I noticed that after that, though, the more and more I was going through struggling with the difficult patients, it became easier to adjust my perspective and look at them and see what I could do for them. What we are always told is that it is about the patients, not us. Somehow that's supposed to make me tear up less but I still do on occasion. The more I repeat that internally to myself, the easier it is to overcome. They are suffering, yes, it is profoundly sad, but we are there to care for them. The loss and suffering do not belong to us. We are there at the beginning of life and at the end of life. As deep as the emotions are that words like that can bring up, we are infinitely privileged and simultaneously burdened to do so.
If it helps, my instructors cry on the way home after difficult days. They just save it until they can get it out. I do that, too, sometimes. It gets easier to save it for the end of the day.

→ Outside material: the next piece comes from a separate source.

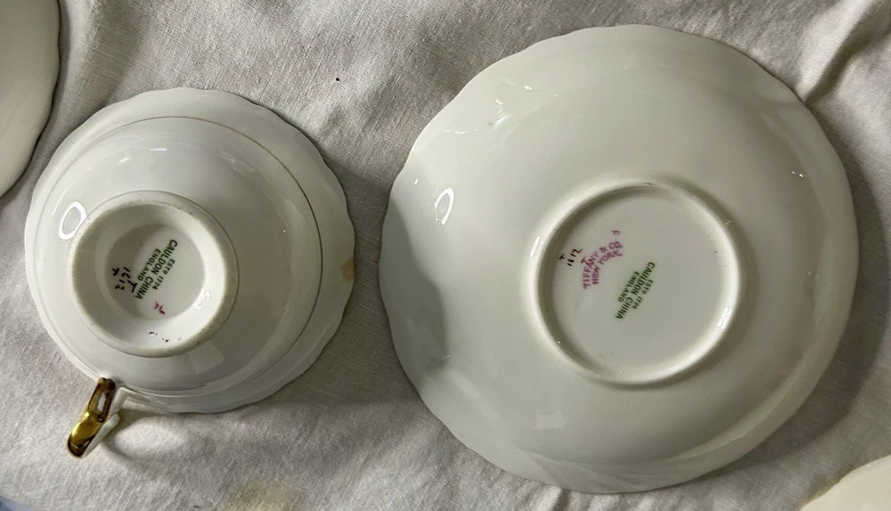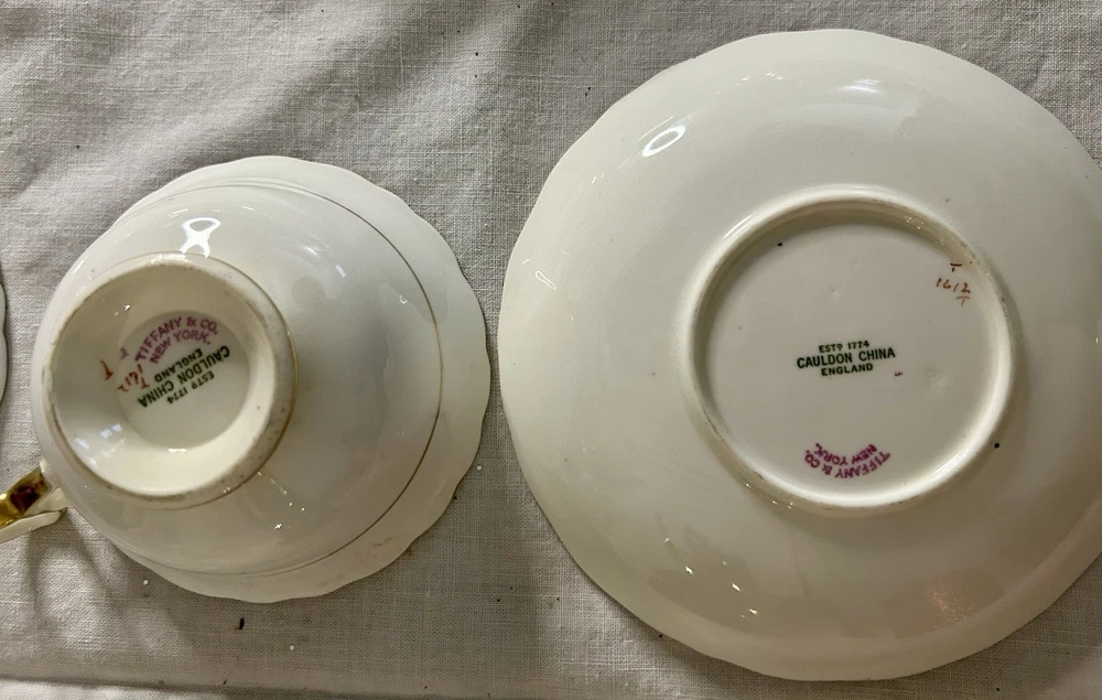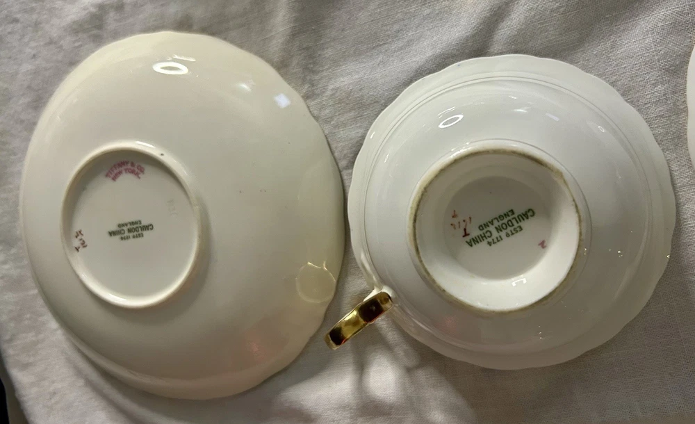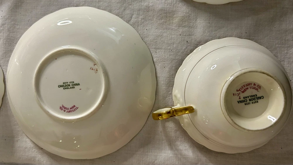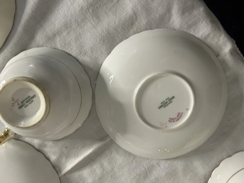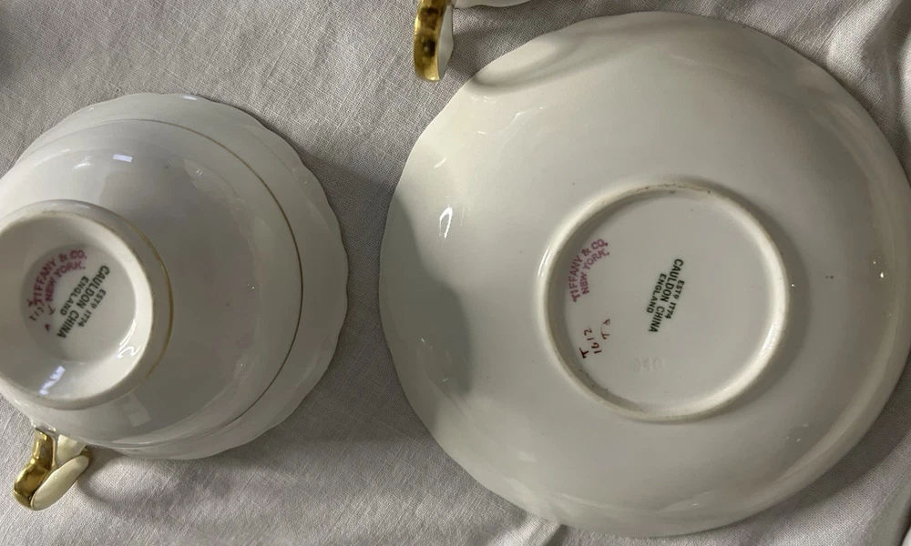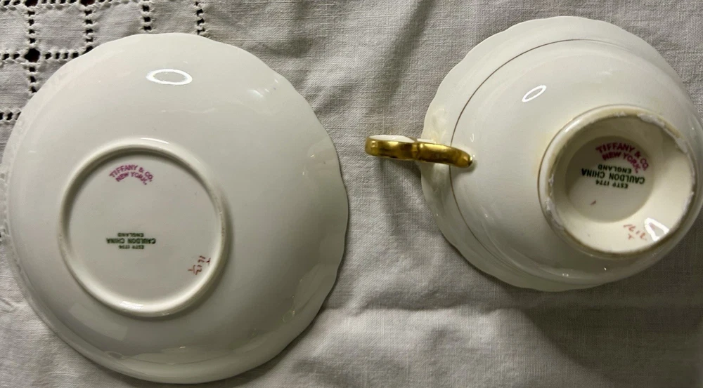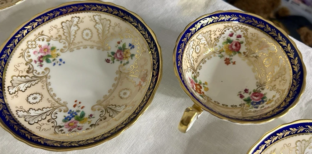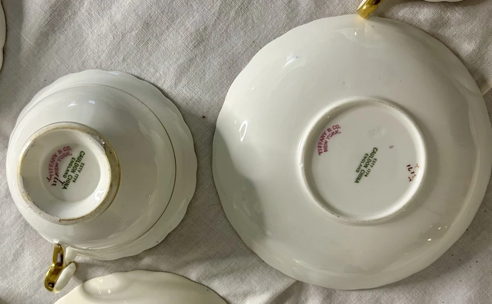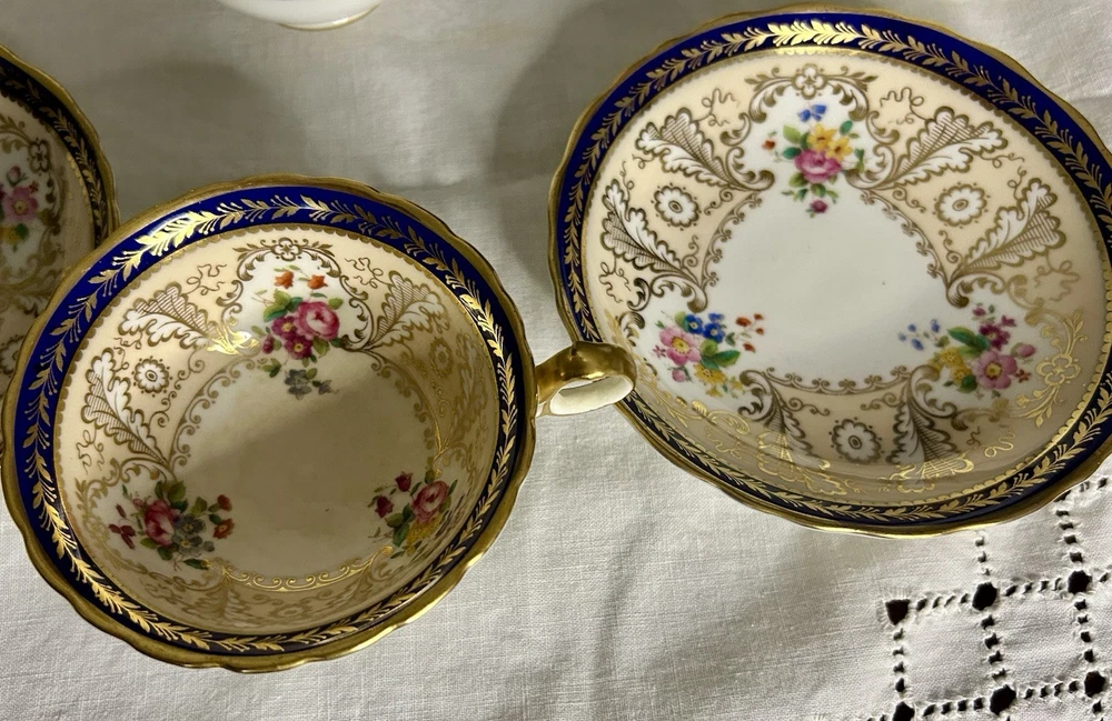 This is a Cauldon Tiffany China Pattern T-1612 gilt, cobalt, and floral teacup and saucer set. There are 10 sets. The pattern, which does not have a specific name, is a copy of a Cauldon design from 1810. It features a narrow gilt and cobalt outer laurel leaf border with a broad beige ground inner border, decorated with gilt and white oak leaves and flower heads. The cup measures approximately 4 inches across the top by 2 inches tall, and the saucer is approximately 6 inches in diameter. These were previously owned and are in excellent condition. There may be very minor signs of wear consistent with age and use. There are no chips, cracks, scratches or fading, as far as I can see. I’m not an expert so please look at the photos carefully before you purchase. But these beautiful pieces appear to be in excellent shape. Props used in the main photo are not included with these items. No international shipping.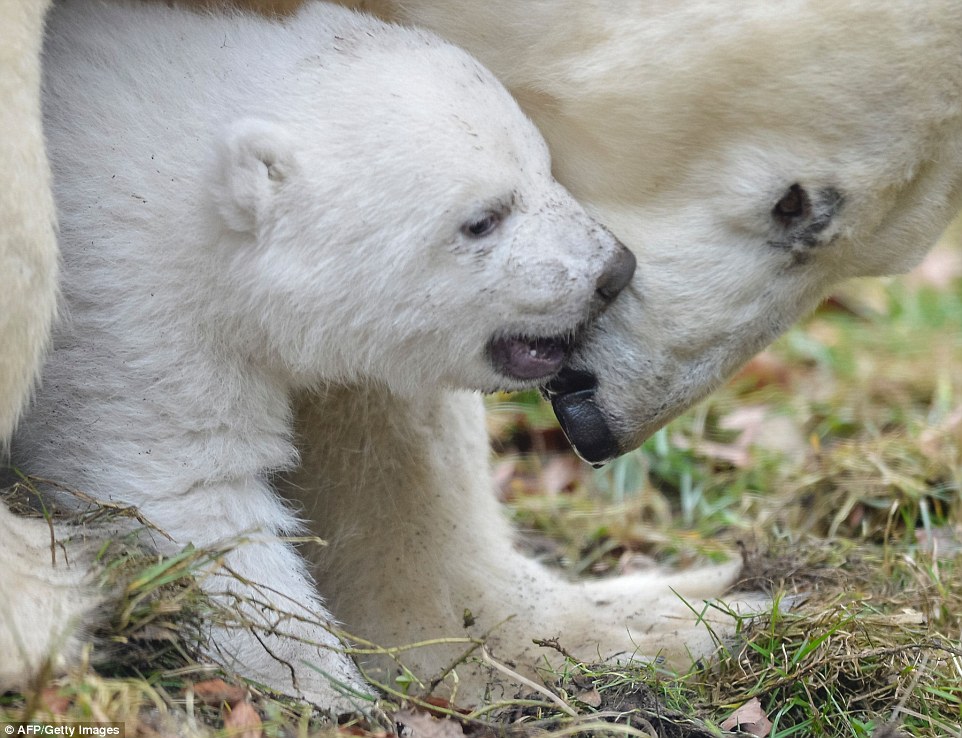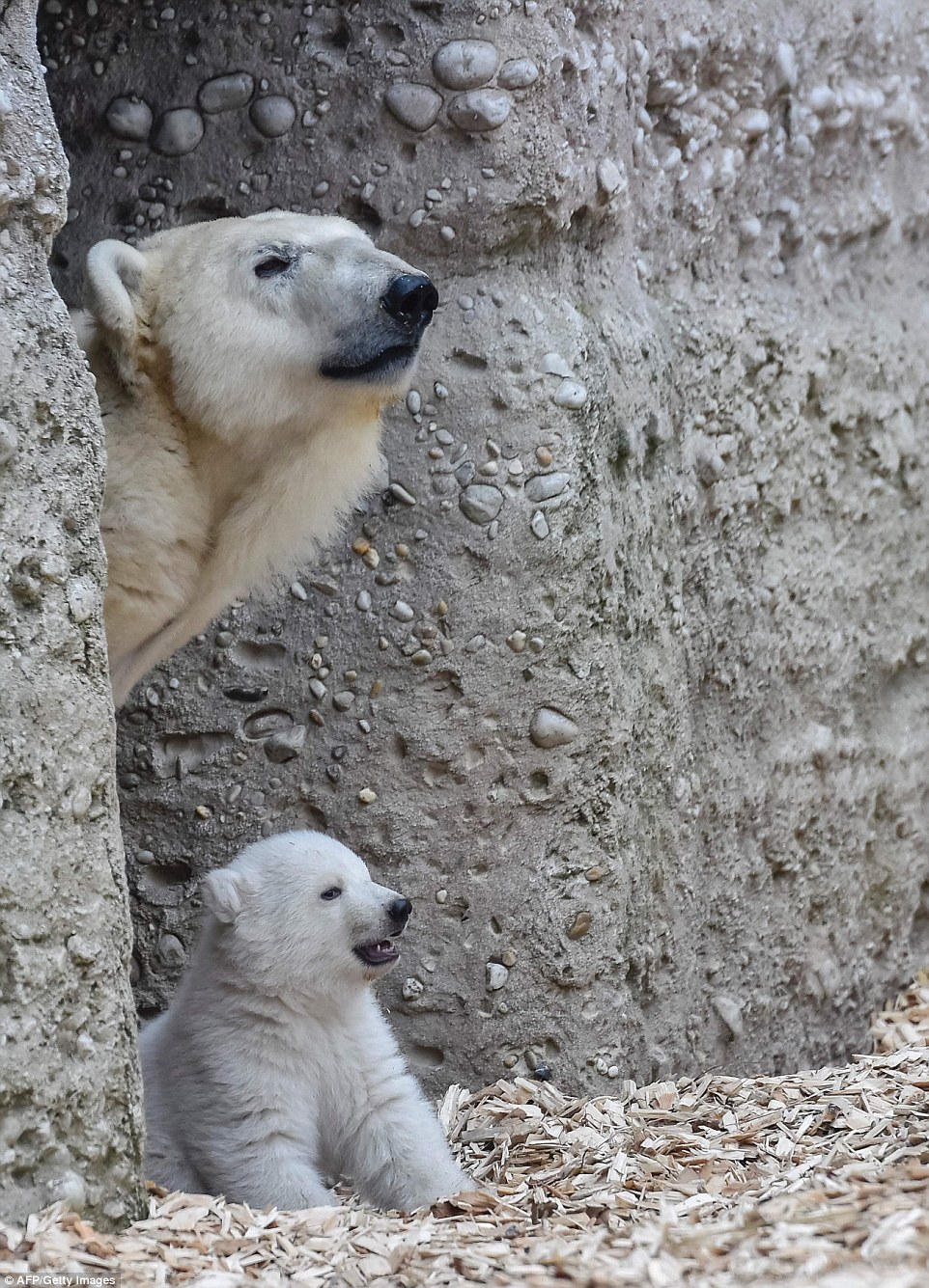 ▼這隻小北極熊是10歲的吉瓦娜生下的第三個孩子,在母子公開露面的時刻,吉瓦娜也時刻在旁邊保護著牠。

My problem is in L&D. I find the wonder of new life coming into the world is such an emotional event that it is really difficult not to get all teary eyed from the sheer joy. But there is work to be done! Need to see clearly to do it. Also, wiping your tears means you have to wash your hands again. Plus who wants to see such an awesome event blurred by tears?
I totally wanted to cry when I saw my first vag birth. It was so amazing! It was impossible not to be overwhelmed. I think one thing that kind of solidified not crying for me though was I happened to mention it to the mother (who was very all about herself and much younger than I was -- could never comprehend asking to put the things on Facebook that she wanted to) and she was like, "Why? You didn't give birth. It's not YOUR baby." Well, shoot, excuse me. No one else but my instructor, me and your nurse were there cuz you told all your family to get out for no good reason. Sorry to share the emotion of how awesome it was that you just gave birth. <_>
Mavrick, BSN, RN
1,578 Posts
Like most things the way to go is moderation. Of course a stonehearted cruel b***h plays well in the movies but isn't really an effective nurse but neither is the blubbery wimple (that usually gets slapped also in the movies to "snap her out of it").
You have been at this new life experience just a few semesters and come into the most emotional time in many people's lives. It takes some getting used to and if you keep at it you will probably find your happy medium. Talk it out at post clinical discussions. Focus on your tasks at hand and tell yourself you are more helpful to your patient by staying in your role as their nurse. They are counting on your knowledge and expertise when the goin' gets rough.
If you do find that it just doesn't get more manageable then, yes, there are more removed aspects of nursing to consider. Pre-op and OR nursing come to mind.
You are learning so many new things. Not just book-learning but a whole culture. This body of knowledge that makes us a profession.
Hang in there and give yourself a little compassion too.